OpenAI introduces AI technology that reproduces human voices
OpenAI, like several other companies, has created a new type of AI technology capable of generating synthetic voices rapidly and easily
Initially, OpenAI released a tool enabling users to generate digital images by describing them. Subsequently, it developed comparable technology for creating full-motion videos resembling those from Hollywood movies.
Now, OpenAI has revealed a technology capable of replicating a person’s voice. The prominent AI startup announced on Friday that a select group of businesses is testing a new OpenAI system called Voice Engine. This system can recreate a person’s voice from a 15-second recording. By uploading a recording of yourself along with a paragraph of text, the system can read the text using a synthetic voice that mimics your own.
The text doesn’t need to be in your native language. For instance, if you’re an English speaker, it can replicate your voice in Spanish, French, Chinese, or numerous other languages.
OpenAI is withholding the technology from broader distribution as it continues to evaluate its potential risks. Similar to image and video generators, a voice generator could facilitate the dissemination of misinformation on social media. It could also enable criminals to impersonate individuals online or during phone conversations.
The company expressed particular concern that such technology could be utilized to bypass voice authenticators that secure access to online banking accounts and other personal applications.
“In an interview, OpenAI product manager Jeff Harris emphasized the sensitivity of this matter and the importance of handling it correctly.”
The company is exploring methods to watermark synthetic voices or implement controls that restrict the use of the technology with the voices of politicians or other prominent figures.

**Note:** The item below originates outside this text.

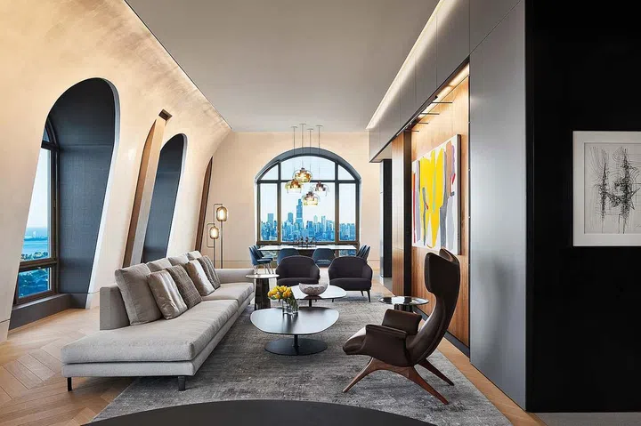House Tour: A stylish mansard penthouse in Chicago with a uniquely curved interior
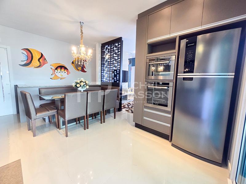 • Cobertura duplex com 03 suítes, mobiliada e decorada, lavabo, amplo living com sala e cozinha integrados, churrasqueira, terraço com vista panorâmica do mar e spa privativo, unidade com aprox. 162m² de área privativa + 02 vagas de garagem, pisos em porcelanato no living e piso vinílico na área íntima, teto com rebaixo em gesso, medidores individuais, tubulação para água quente e para ar-condicionado split, elevador moderno.

In February, OpenAI adopted a similar approach with its video generator, Sora, by showcasing the technology but refraining from public release.
The company is investigating methods to watermark synthetic voices or implement controls to prevent the use of the technology with the voices of politicians or other prominent figures.

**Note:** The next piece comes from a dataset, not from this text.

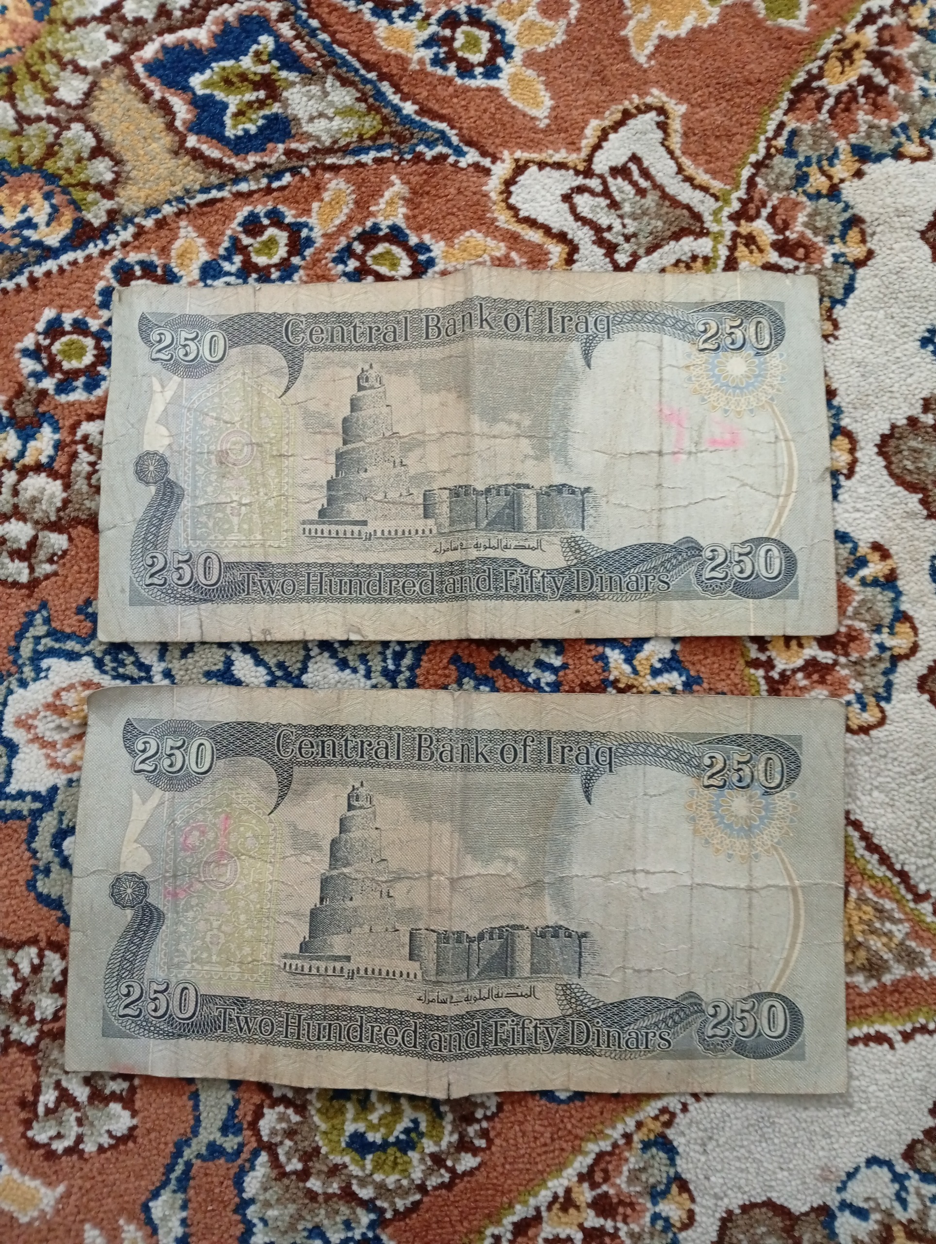 2 برگ 250 دیناری عراق دست دوم ولی بدون اثر خودکار و چسبی و پارگی و در صورت خرید دو برگ با سریالهای در تصویر ارسال میگردد و قیمت درج در آگهی برای دو برگ میباشد پس در خرید خود دقت فرمایید

In February, OpenAI followed a similar strategy with its video generator, Sora, showcasing the technology without publicly releasing it.
OpenAI is one of several companies that have developed a new type of AI technology capable of rapidly and easily generating synthetic voices.

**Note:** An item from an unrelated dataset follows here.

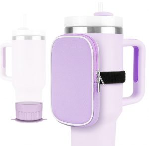 - Water bottle bag has elastic strap flexibly adjusts adapt to various tumbler sizes

Businesses can utilize these technologies to produce audiobooks, provide voices for online chatbots, or even create an automated radio station DJ. Since last year, OpenAI has employed its technology to enable a version of ChatGPT to speak. Additionally, it has long provided businesses with a variety of voices for similar applications, all constructed from recordings provided by voice actors.
However, the company has not yet released a public tool that would enable individuals and businesses to replicate voices from a brief recording, as Voice Engine does. According to Harris, the ability to replicate any voice in this manner is what renders the technology hazardous. He noted that the technology could be particularly risky in an election year.
In January, residents of New Hampshire received robocall messages that discouraged them from voting in the state primary. The voice in the calls was likely artificially generated to resemble President Joe Biden. The Federal Communications Commission later banned such calls.
Harris stated that OpenAI currently has no immediate plans to profit from the technology. He mentioned that the tool could be especially beneficial to individuals who have lost their voices due to illness or injury.
He showcased how the technology had been utilized to recreate the voice of a woman who had lost hers due to brain cancer. According to Harris, she was now able to speak after providing a brief recording of a presentation she had delivered during high school.